The package passed by House Republicans would cut almost $300 billion to the Supplemental Nutritional Assistance Program (SNAP) over the next decade.

"One experience with hunger is one experience too many. So I don't take lightly that less access to food in our system might mean more likelihood that a child or a parent or a caregiver or a senior goes without the food they need. And that has ripple effects. Hunger is not helpful to any community."
Joree Novotny, Ohio Association of Food Banks

It raises the working age requirements for people to receive SNAP benefits, so they would have to work into their 60s instead of their 50s to receive that food assistance. It also offers fewer work exemptions for people with kids.

And it puts more of the onus to fund SNAP on states. Novotny said the program as it is now would be impossible to sustain.

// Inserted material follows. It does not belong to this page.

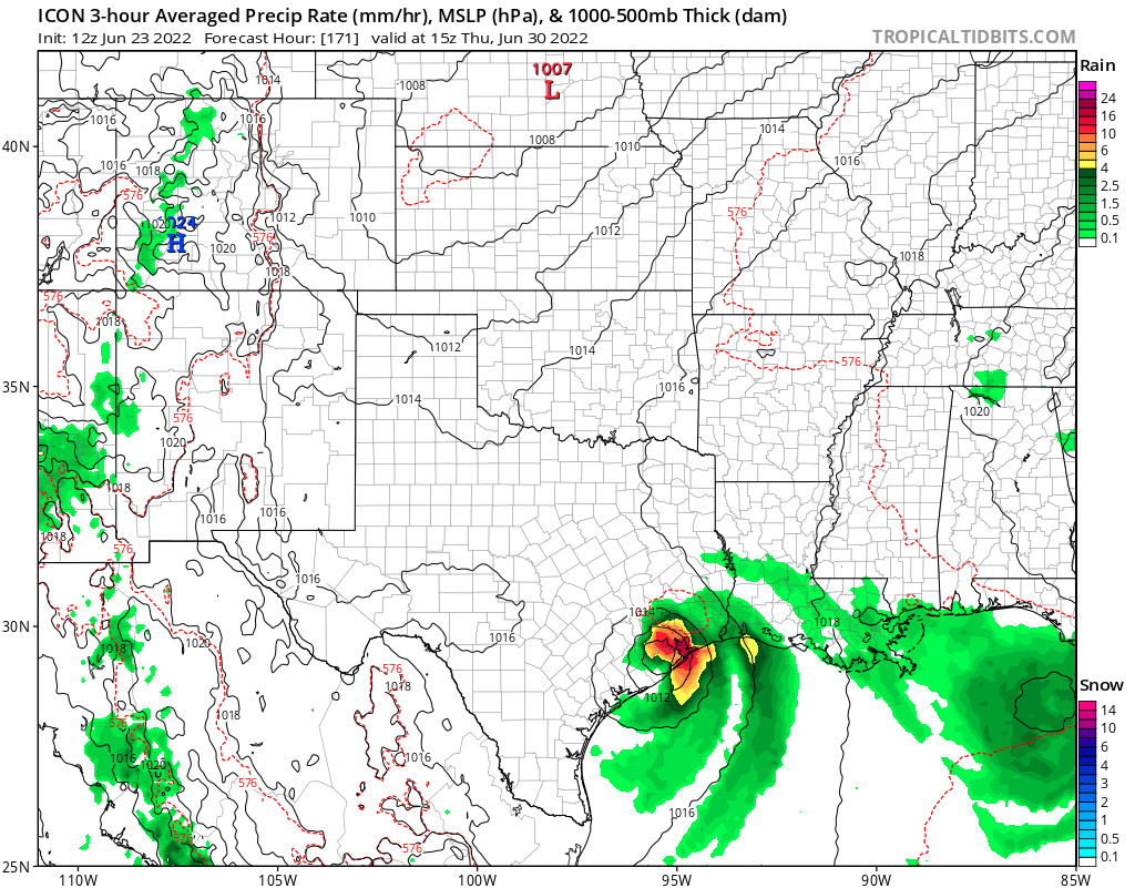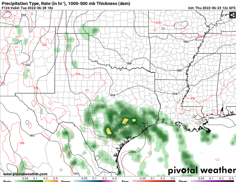 Then we have an accord.Cromagnum wrote: ↑Wed Jun 22, 2022 12:47 pmcaptainbarbossa19 wrote: ↑Wed Jun 22, 2022 12:40 pmI just looked and due to all the rain/clouds, the GFS only has our highs in the 80s most of next week. That seems hard to believe! However, I am thinking now that this weekend may not be quite as hot as projected a few days ago. I am thinking now right around 100 instead of 105+ for most areas.don wrote: ↑Wed Jun 22, 2022 12:20 pm Sure does look good indeed, it also shows the low level vorticity some of the other models have been picking up on.But keeps it partially inland riding the coast of Louisiana and moving west into Texas which helps to enhance rainfall with the stalled frontal boundary.![]()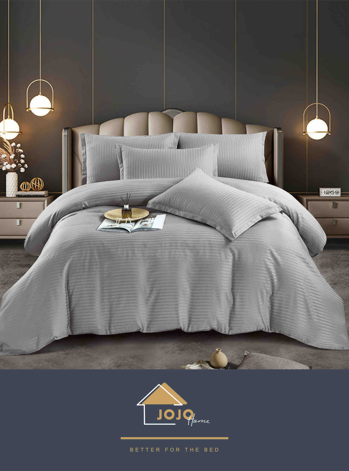 Lenjeria de pat damasc satinat cu elastic,gri deschis,potrivita pentru saltele cu dimeniunea 160x200cm si pentru cele cu dimensiunea 180x200cm marca Jojo Home este realizata din 80% polyester si 20% bumbac, tip tesatura damasc striat (cu dungile inguste 1cm) fiind considerat cel mai potrivit pentru hoteluri si pensiuni, cu utilizare frecventa.

“To be perfectly frank, it remains to be seen to what extent SNAP will exist for the folks that can count on SNAP right now in Ohio and across the country,” she said.

If that happens, food pantries like the one in Morgan County would likely be left serving even more people with less federal funds.

For people like Jeanne Long, who pulled into line to pick up a box of pantry staples, that could make a difference. She comes to Morgan County’s mobile pantry every month and is already noticing the impact of a lighter load.

“I just have to use the money to buy it elsewhere,” she said. “It does make it a little harder.”

Erin Gottsacker is a reporter for The Ohio Newsroom. She most recently reported for WXPR Public Radio in the Northwoods of Wisconsin.